美術館のレストランで食事するのも,美術館に行く楽しみのひとつだ。
いつもひとりぼっちだが、作品を見たあとの軽い興奮で身体がほてっている。
やまない雨も心を潤すようで、孤独な心地よさがあるだけだ、

2008.9.24.Wed

漆絵

上野真由さんは、油画の起源に対する技法的な関心を寄せており、芸大在学中から油画が500年なら漆は9000年前からあるという漆に魅了され、何度もベトナムを訪れ、いずれはハノイに留学したい言っていた。
何事も粘り強く取り組む真由さんは、念願かない、高倍率の文化庁の海外留学生となり、ベトナムの伝統的な漆絵の技法を熱心に学んだ。
昔、少数民族の村に行き,フックンという男の子の絵を描いた。
聴くところによると、留学中に、成長したフックンにも会えたらしい。
真由さんの「ハノイ便り」というブログによると、世界遺産はもとより、あちこちの洞窟,少数民族の村などを訪ね歩いている。
ベトナムには少数民族の村ががたくさんあるらしい。
一年の留学を終え、ベトナムから日本に帰国したまゆさんは、ハノイで展覧会を予定しているから、その頃、現代美術館の学芸員さんと一緒に来てねと言った。
予定通り、季節の良い11月にベトナムに行ったのだが、その時の衝撃は今も忘れられない。

2008.9.26.Fri

ベトナム料理

8年くらい前に、国立近代美術館は建設中だったため、国立フイルムセンターに所帯を置いていた頃、
ベトナムアリスというクイーンアリスの姉妹店がここ、京橋のフイルムセンター内にあった。
人が呆れるほど、毎日通いつめ、とうとう、ここの女性の店員さんが私が来るとビールをごちそうしてくれるようにまでなった。
さらに、あり得ない事だが、あまりの熱心さに鍋ごとカレーをもって、画廊まで運んでくれるようになった。
そんなベトナム料理好きを知っていた、まゆさんがベトナムを案内してくれるというので、喜んでハノイに行ったのだが、ハノイの空港に着いた日、もしかしたら、ベトナム戦争の最中ではと思うくらいの暗い空港内だ。
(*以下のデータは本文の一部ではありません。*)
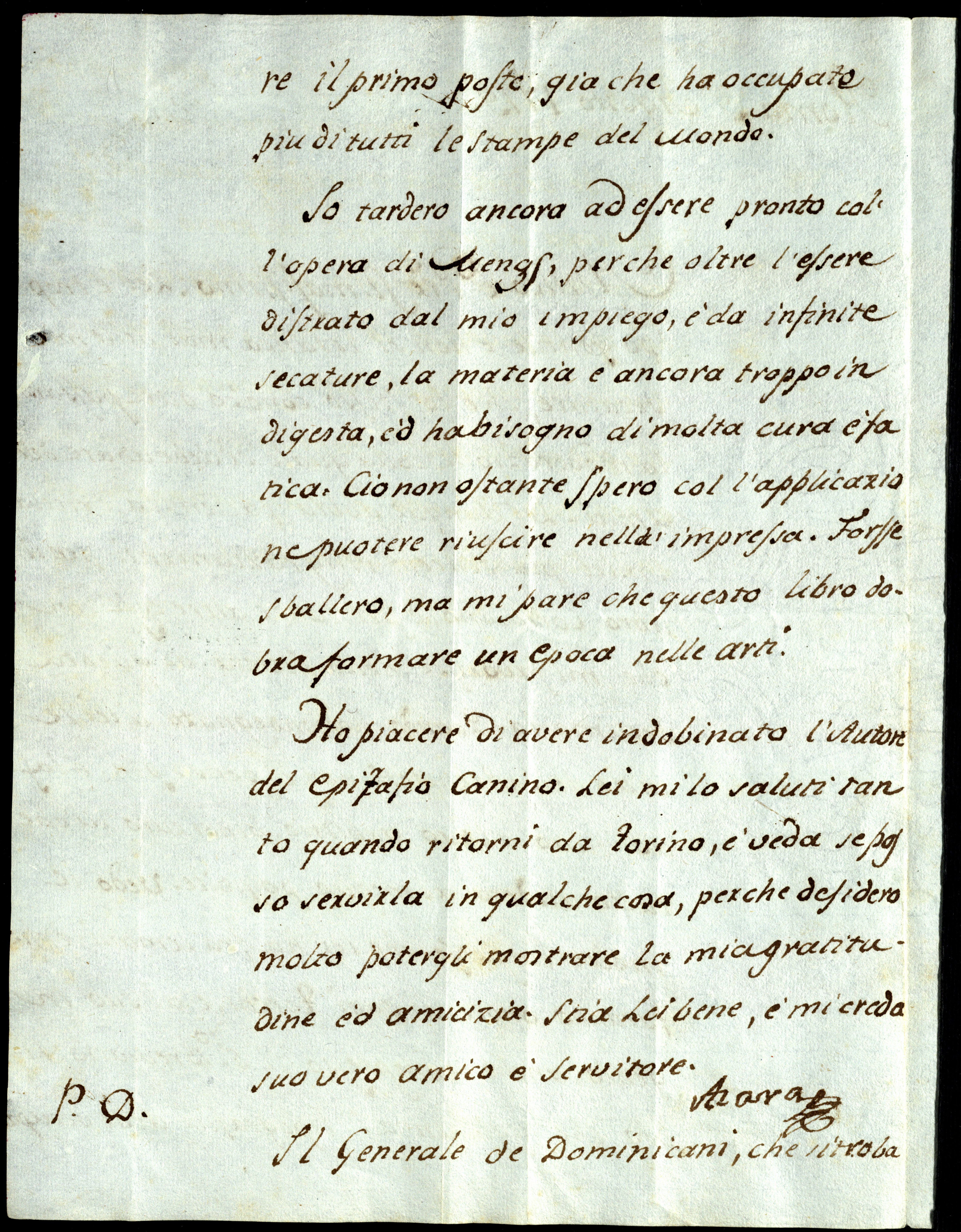 Io tarderò ancora ad essere pronto coll’opera di Mengs perché, oltre l’essere distrato dal mio impiego e da infinite secature, la materia è ancora troppo indigesta ed ha bisogno di molta cura e fatica. Ciò nonostante, spero coll’applicazione puotere riuscire nell’impressab. Forsse sballerò, ma mi pare che questo libro dobrà formare un’epoca nelle arti.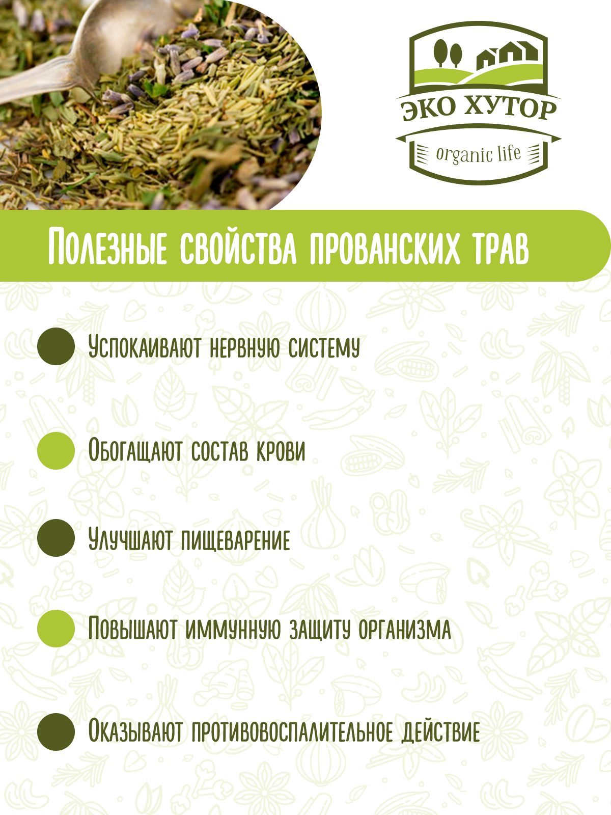 Описание: Прованские травы Эко-хутор — это универсальная приправа, родом из Прованса, юго-восточного региона Франции, который славится бескрайними полями, где растёт не только лаванда, но и целая палитра душистых полевых трав. Свою популярность смесь получила в 17 веке. Дворянство Франции считало, что именно такая композиция способна привлечь противоположный пол, являясь мощным афродизиаком. Мировую известность «Прованские травы» получили лишь 50 лет назад, произведя фурор среди кулинаров и домохозяек по всему миру. Прованские травы - это смесь приправ, которая добавляет вкус и аромат вашим блюдам. Это популярная специя, которая используется во многих кухнях мира.

そして、何となく淋しく、怖い。
しかも、時間になっても、真由さんは迎えに来ない。
場所ちがいであったため、やっと会えたが、おんぼろタクシーに乗り込み、雰囲気のありすぎるホテルに当直。
顔が引きつったまま、アオザイも買わずに帰ってきたが、今になってみると、もっと楽しめば良かったと思う。
真由さんの作品は、ベトナムのギャラリーでもひときわ個性的なので、評判がよかったが、日本でも好評。
今回の個展では、かなり売れたので、万々歳だった。良い作品は不景気にも関わらず売れるものだ。